The economy stagnated in the first quarter of 2013 and though it achieved bumper growth of 0.7 percent in the second quarter, preliminary data shows it expanded by just 0.3 percent between July and September as exports weighed.
"There's a good chance that the economic upturn in Germany will be further cemented in the coming months," the central bank said in its November monthly report.
While exports lack momentum and have dampened corporate investment, many parts of the domestic economy like residential construction and private consumption - helped by a robust labour market and strong wage increases - are growing, it said.
Private consumption increased in the third quarter, albeit less strongly than in the second, as Germans were upbeat about their income prospects, making them more willing to buy goods.
On a seasonally adjusted basis, imports should just about hold on to second-quarter levels between July and September, the Bundesbank said.
Foreign demand should provide industry with more tailwind in the coming months, raising expectations that demand will soon rise far above normal capacity utilisation again, potentially making firms more willing to invest.
While industrial investment was not on a clear path of recovery in the third quarter, firms are likely to increase investment if the upward trend of demand is cemented, it said.
But a survey by the Cologne Institute for Economic Research (IW) showed that although firms expect a recovery in 2014, only around one in three wants to increase investment in machinery and equipment next year. One in six wants to cut such spending.
The Bundesbank warned against introducing a statutory minimum wage, saying it carried "significant risks to employment" with it.
The Social Democrats (SPD), with whom Chancellor Angela Merkel's conservatives are in coalition talks, are demanding a minimum wage of 8.50 euros per hour. The Bundesbank said this level was "too high", with one in six workers currently earning less than this.
The Bundesbank said the feeble euro zone recovery, moderate growth in important industrial countries and a slowdown in emerging markets left shipments abroad without impetus.
Deliveries to China increased strongly during the summer months and though exports to the Asian country are likely to decline slightly this year, they will increase again in the coming years, the Bundesbank said.
"But it seems improbable that they'll reach the high rate of expansion seen in the past," the central bank warned.
As the euro zone crisis weakened demand close to home, many German firms had looked to China as a strong alternative market on which to offload their goods.
The Bundesbank said between 2009 and 2011 exports of German goods to China increased from around 37 billion euros ($50 billion) to 65 billion euros but growth in 2012 almost came to a standstill.

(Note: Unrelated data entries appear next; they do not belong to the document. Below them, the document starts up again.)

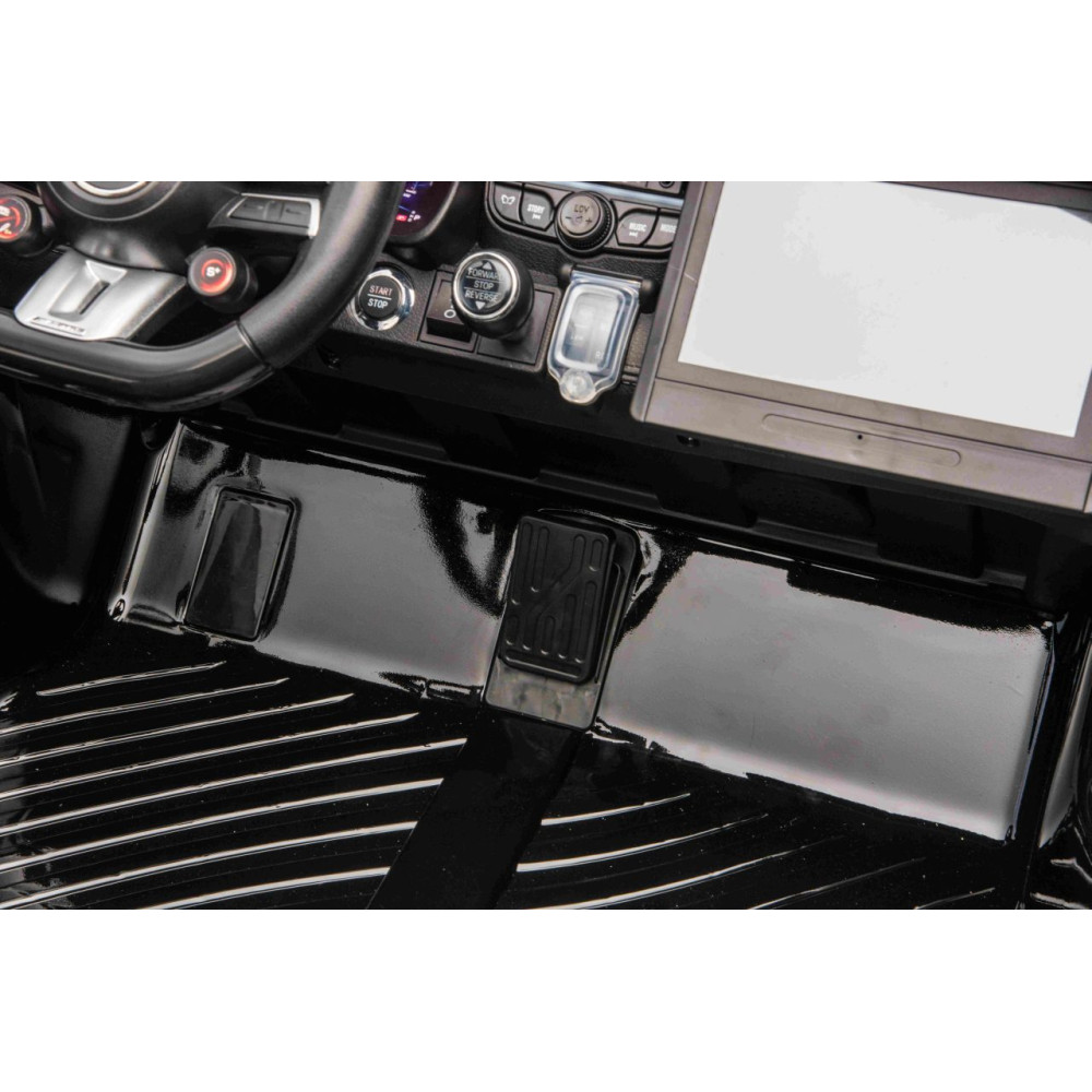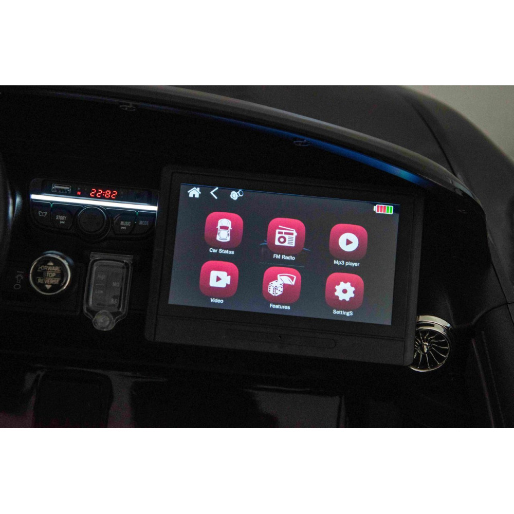 Audio Diaľkové ovládanie | USB, MP3, BLUETOOTH, predinštalované melódie, tlačidlá zvuku a klaksónu na volante, Nový typ panela MP4 s režimom SPORT (vozidlo vydáva zvuky pri stlačení plynového pedálu) 2,4 GHz, 3 rýchlosti, bezpečnostné tlačidlo STOP |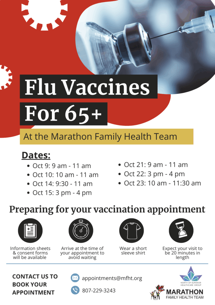 The Marathon Family Health Team (MFHT) and North of Superior Healthcare Group (NOSH) will be hosting community flu clinics from October 9 to 23 for adults 65 and older at the MFHT clinic.To book your appointment, call 807-229-3243 or email appointments@mfht.org.
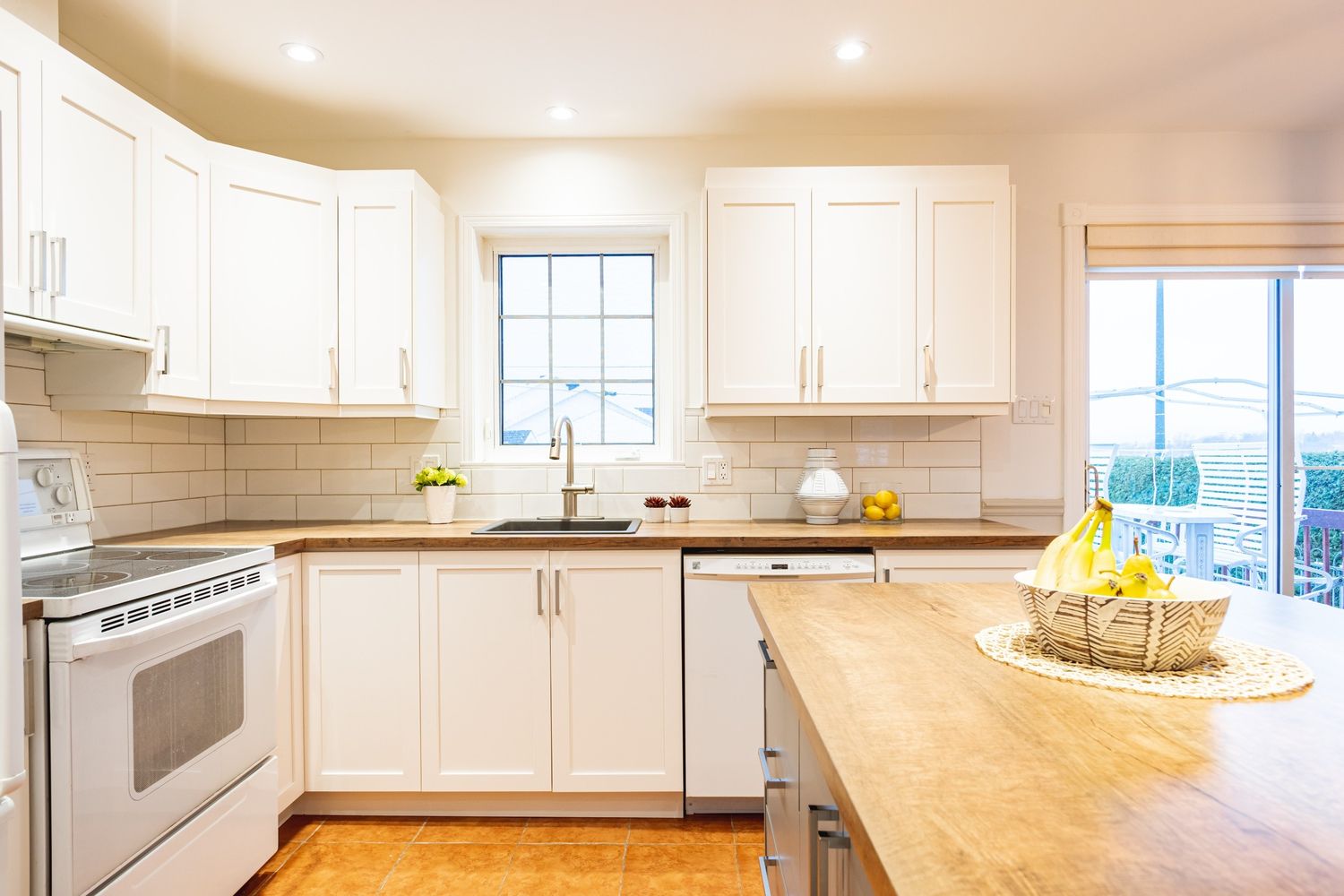 Refacing de la cuisine : modernisation complète en conservant les caissons d'origine et en remplaçant les portes pour un style épuré et contemporain. Mise à jour de l'éclairage avec des luminaires modernes, apportant chaleur et luminosité à l'espace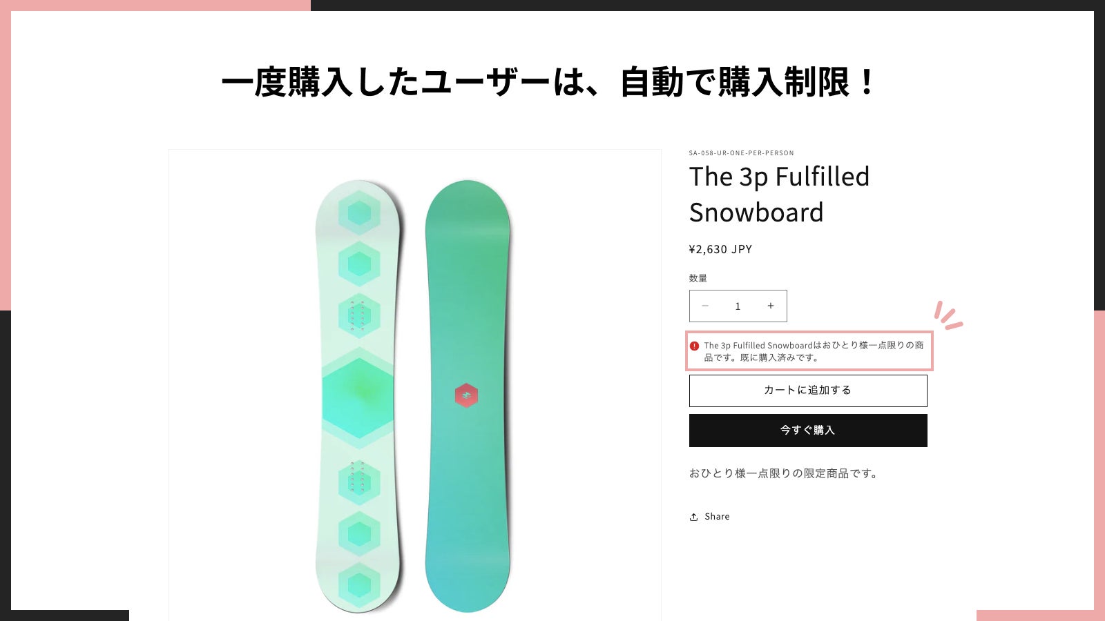 「シンプルおひとり様一点限りの購入制限設定」では、購入制限設定された商品を一度購入したユーザーに対して、その商品の購入を自動で制限します。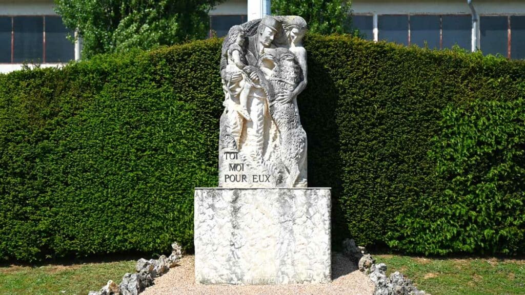 Une sculpture portant la devise du CNICG (« Toi et moi pour eux » est installée sur la place d’arme de la caserne Godefroid-Gamin de Gramat. (Photo: L.Picard / L’Essor)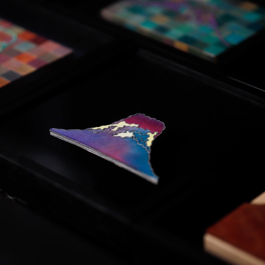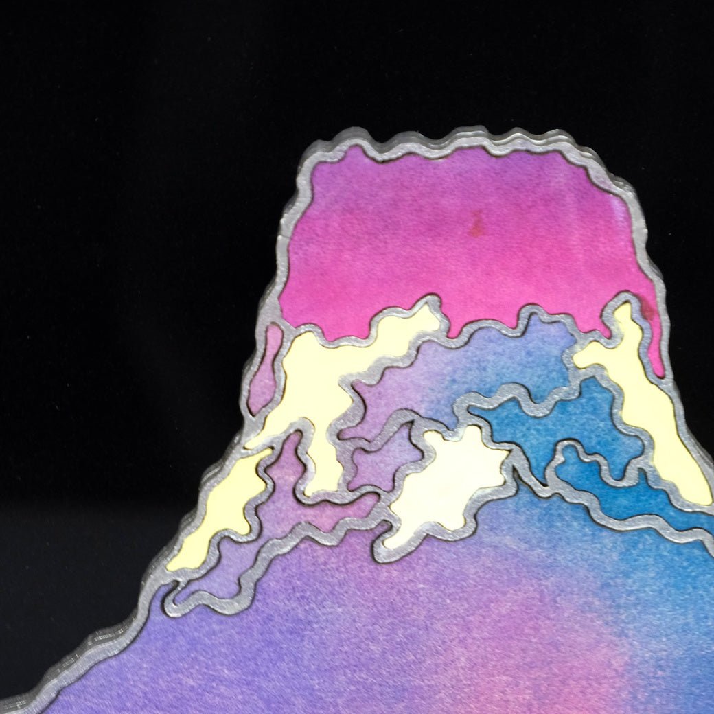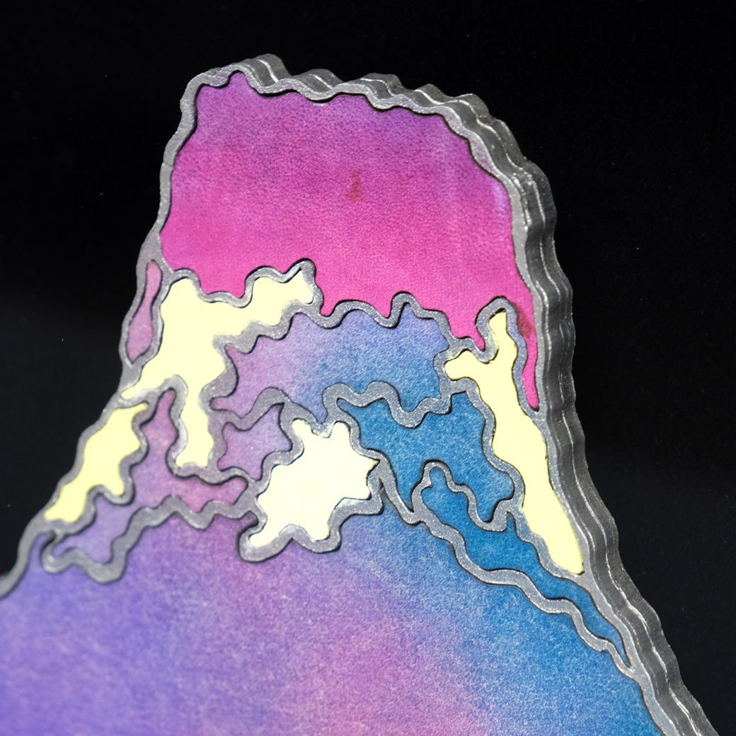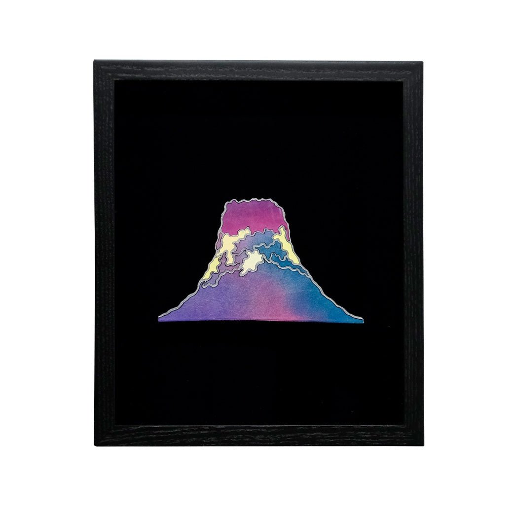 本コラボレーションのために描き下ろしした招福シリーズの「富士山」を、yuhakuの職人たちが制作したグラデーションレザーのピースで彩りました。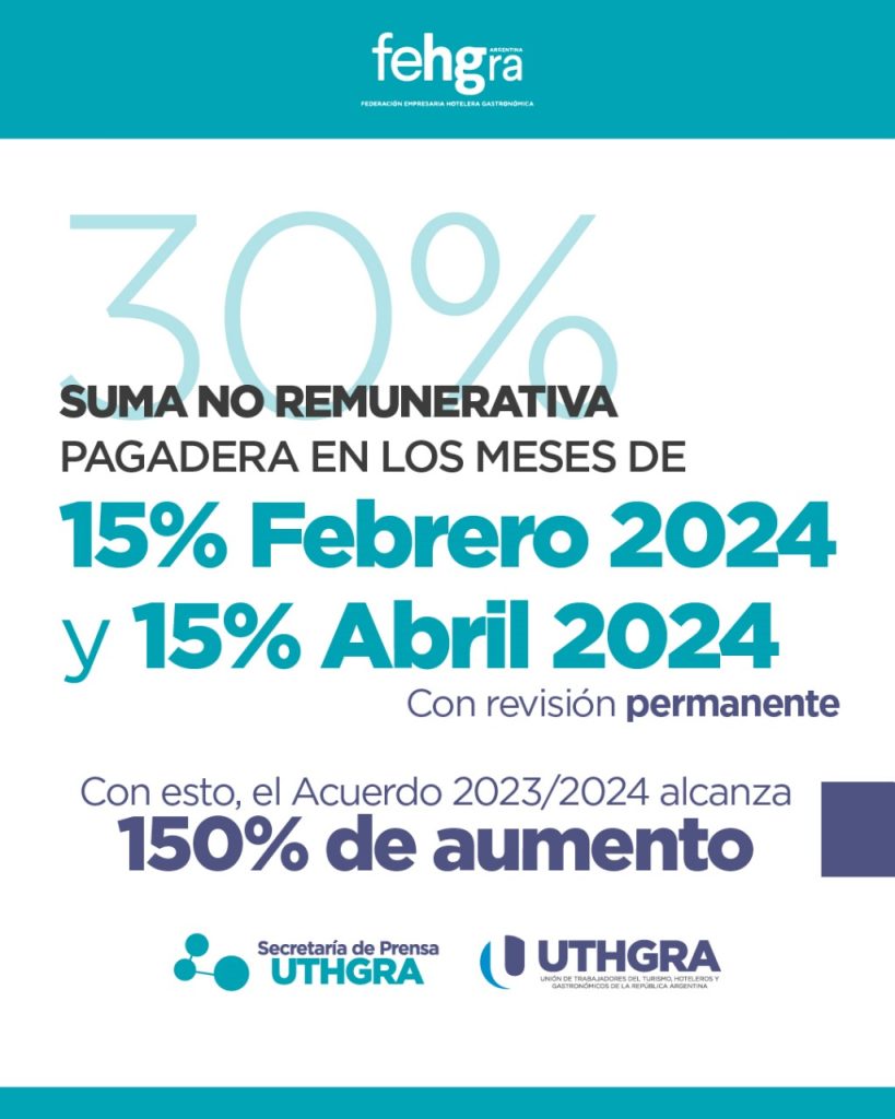 Barrionuevo llegó a un acuerdo con los empresarios de abonar al sector hotelero y gastronómico una suma que se aplicará no remunerativa (hasta mayo de 2024 que se incorpora al Básico) del 30% y que se agrega al acuerdo ya pactado durante el año y que se repartirá en dos tramos. Primero, las empresas deberán pagar una cuota de 15% con el salario de febrero 2024, para luego sumar el segundo tramo de 15% en abril de 2024.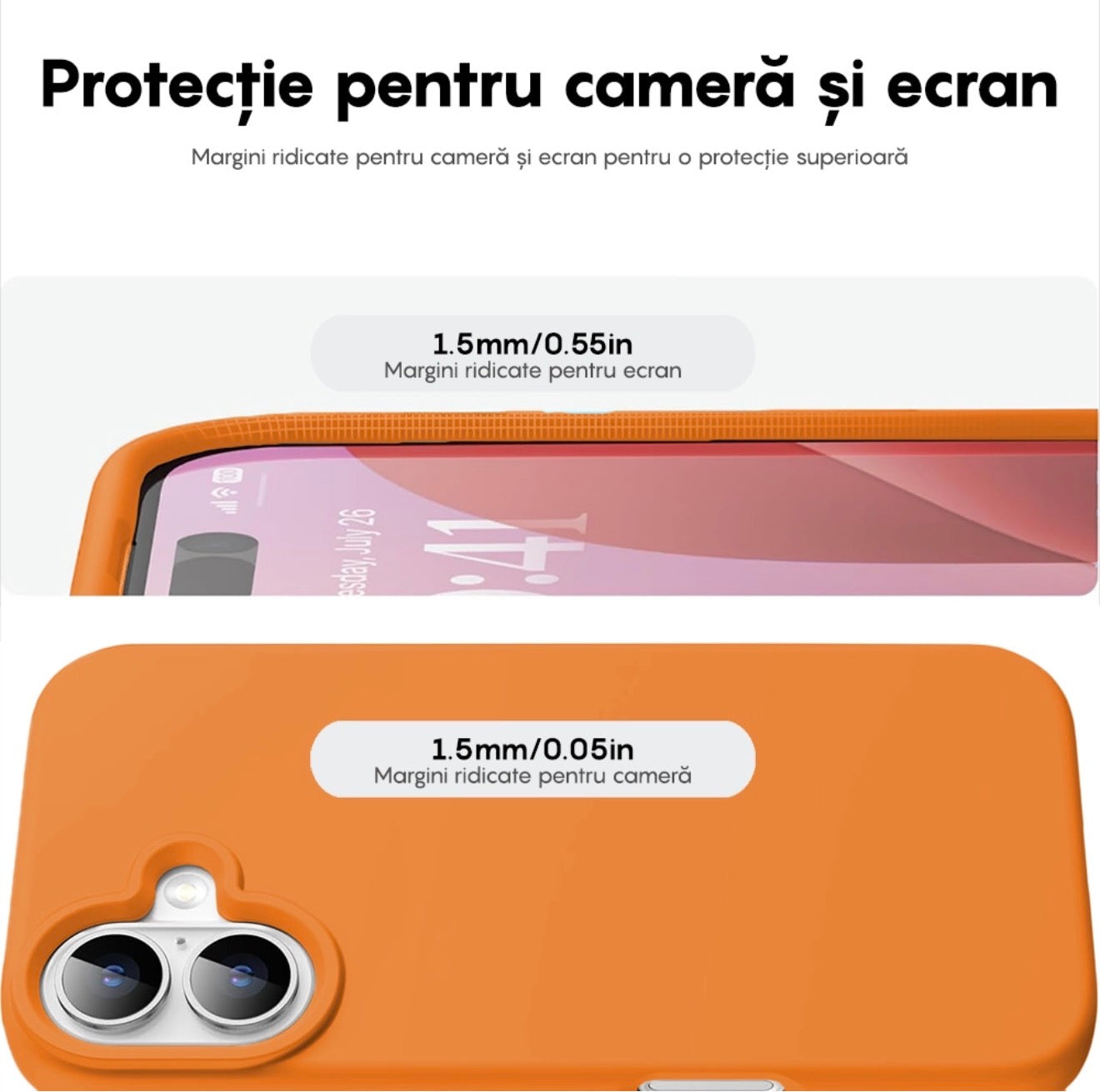 Husa iPhone 16 Plus,Silicon, Microfibra in Interior,Portocaliu + diverse culori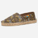 A seamless pattern of a butterfly of yellow, beige, gray colors. The butterfly tows a crescent and a yellow rainbow. Gray stars and white dots around. The brown color background. An elegant design to decorate any stylish goods or gifts. Good for women and kids. Do not forget to change the color or pattern of the inner liner. This pair of Ubuntu espadrilles - afridrilles is made for you with love by joint efforts of artists, designers, hand-craftsmen, industrialists, engineers, and information technology guru, literally, from around the Globe. Let's keep our small planet Earth safe and healthy. By the way, "Ubuntu" means "I am because you are" in Zulu. Have a sweet summer season with a new pair of stylish espadrilles in your corner of this wonderful world.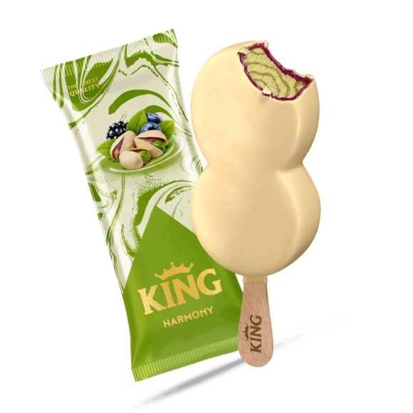 King Harmony skladno sljubljuje okus pistacije obogaćen unutarnjim preljevom od pistacije, mekanim preljevom od bobičastog voća i vanjskim preljevom od hrskave bijele čokolade – kombinacija stvorena za maksimalno uživanje.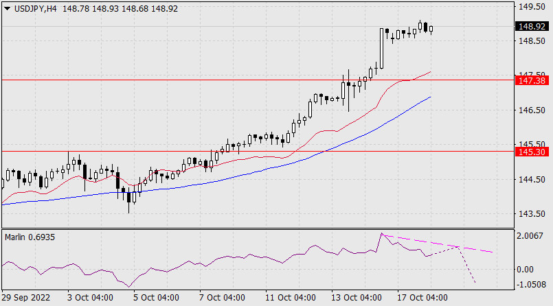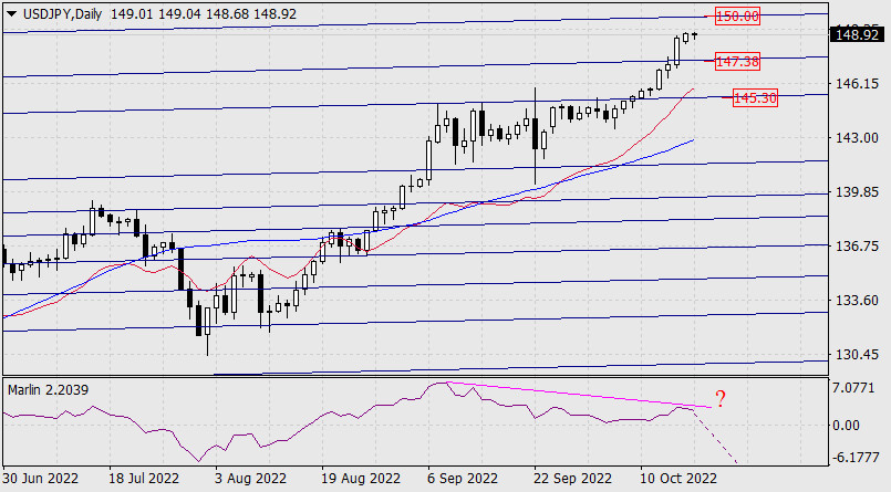 Прогноз по USD/JPY на 18 октября 2022 годаИнстаФорекс - Instaforex, 3 года назад Йена продолжает свой движение к целевому уровню 150.00, образованному линией ценового канала старшего (месячного) таймфрейма. С осциллятором Марлин уже почти сформирована дивергенция. Даже если дивергенция чуть усилится, у цены сохраняется возможность для отработки намеченной цели. В целом текущая техническая картина нам говорит об истощении потенциала роста пары USD/JPY.

One reason for slower growth is the Chinese government's attempts to make the transition to an economy fired by consumption rather than investment, the Bundesbank said.
That will weaken demand for German investment goods and shipments of consumer goods are unlikely to be able to offset this decline given that such products have hitherto made up only a small proportion of the goods Germany ships to China, it said.
Vehicle exports to China would also grow more moderately in future, though carmakers can get in on the increase in demand for cars by manufacturing more in the country.